*Task inputs*.
***

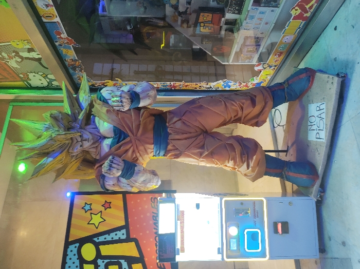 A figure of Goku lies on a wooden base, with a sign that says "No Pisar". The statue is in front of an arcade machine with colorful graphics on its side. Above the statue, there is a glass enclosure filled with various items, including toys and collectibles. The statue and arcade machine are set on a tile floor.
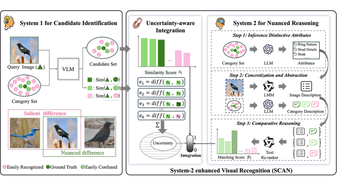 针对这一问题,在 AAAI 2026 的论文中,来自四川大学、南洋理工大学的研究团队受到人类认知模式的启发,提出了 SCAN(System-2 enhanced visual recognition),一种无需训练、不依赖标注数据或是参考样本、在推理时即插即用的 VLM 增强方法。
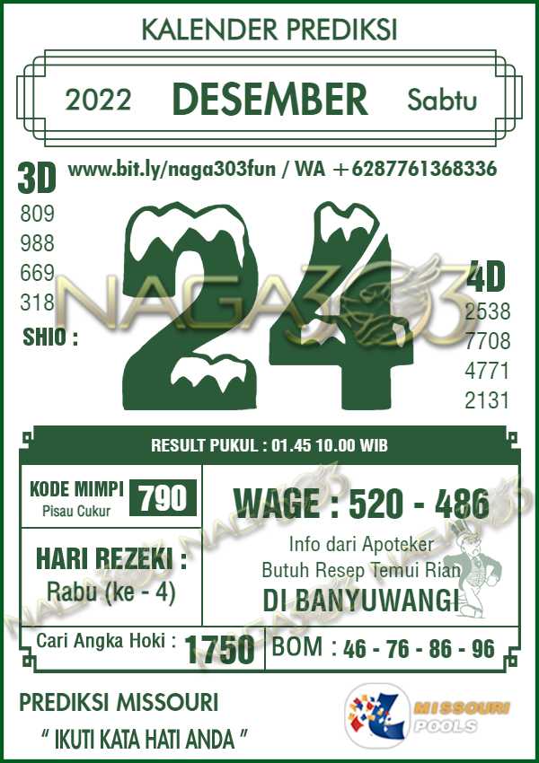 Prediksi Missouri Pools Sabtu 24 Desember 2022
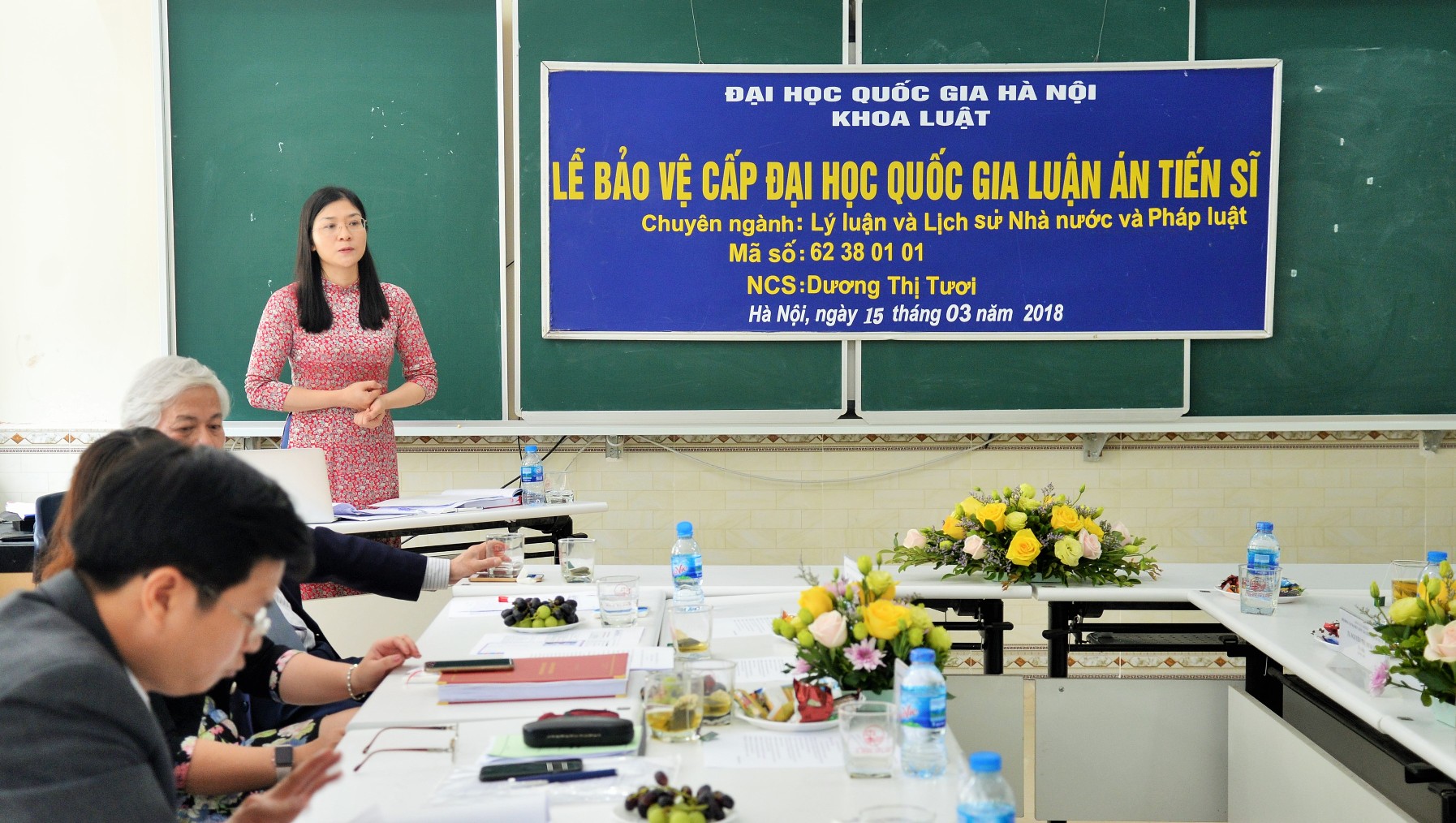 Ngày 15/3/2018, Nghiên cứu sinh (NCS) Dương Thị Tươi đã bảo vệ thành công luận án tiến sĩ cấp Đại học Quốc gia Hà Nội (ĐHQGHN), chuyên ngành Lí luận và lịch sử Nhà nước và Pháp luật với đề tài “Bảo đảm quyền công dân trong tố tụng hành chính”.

***

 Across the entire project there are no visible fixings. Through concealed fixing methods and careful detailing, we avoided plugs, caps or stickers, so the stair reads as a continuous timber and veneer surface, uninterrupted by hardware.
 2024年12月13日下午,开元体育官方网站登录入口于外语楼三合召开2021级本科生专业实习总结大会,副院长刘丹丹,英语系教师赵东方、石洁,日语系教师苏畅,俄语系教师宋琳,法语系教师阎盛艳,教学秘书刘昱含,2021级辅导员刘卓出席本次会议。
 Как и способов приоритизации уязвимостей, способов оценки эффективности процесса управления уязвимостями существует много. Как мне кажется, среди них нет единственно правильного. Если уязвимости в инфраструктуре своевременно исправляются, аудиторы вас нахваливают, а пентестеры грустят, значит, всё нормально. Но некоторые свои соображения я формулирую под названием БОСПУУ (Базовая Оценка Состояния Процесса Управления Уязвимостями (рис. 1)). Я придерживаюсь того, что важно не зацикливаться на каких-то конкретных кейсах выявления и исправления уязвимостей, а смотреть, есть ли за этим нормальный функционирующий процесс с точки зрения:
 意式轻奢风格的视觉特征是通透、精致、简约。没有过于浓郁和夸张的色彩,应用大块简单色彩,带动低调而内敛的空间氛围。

***

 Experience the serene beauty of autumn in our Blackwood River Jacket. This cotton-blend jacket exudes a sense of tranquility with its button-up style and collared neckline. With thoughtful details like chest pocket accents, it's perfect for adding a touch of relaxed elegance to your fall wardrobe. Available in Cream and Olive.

***

*Problem to work on*. Return exactly the lines of the material above, starting at the line containing "A figure of" and finishing at the line containing "Ngày 15/3/2018, Nghiên", without any pictures.

*Exercise response*.
 A figure of Goku lies on a wooden base, with a sign that says "No Pisar". The statue is in front of an arcade machine with colorful graphics on its side. Above the statue, there is a glass enclosure filled with various items, including toys and collectibles. The statue and arcade machine are set on a tile floor.
 针对这一问题,在 AAAI 2026 的论文中,来自四川大学、南洋理工大学的研究团队受到人类认知模式的启发,提出了 SCAN(System-2 enhanced visual recognition),一种无需训练、不依赖标注数据或是参考样本、在推理时即插即用的 VLM 增强方法。
 Prediksi Missouri Pools Sabtu 24 Desember 2022
 Ngày 15/3/2018, Nghiên cứu sinh (NCS) Dương Thị Tươi đã bảo vệ thành công luận án tiến sĩ cấp Đại học Quốc gia Hà Nội (ĐHQGHN), chuyên ngành Lí luận và lịch sử Nhà nước và Pháp luật với đề tài “Bảo đảm quyền công dân trong tố tụng hành chính”.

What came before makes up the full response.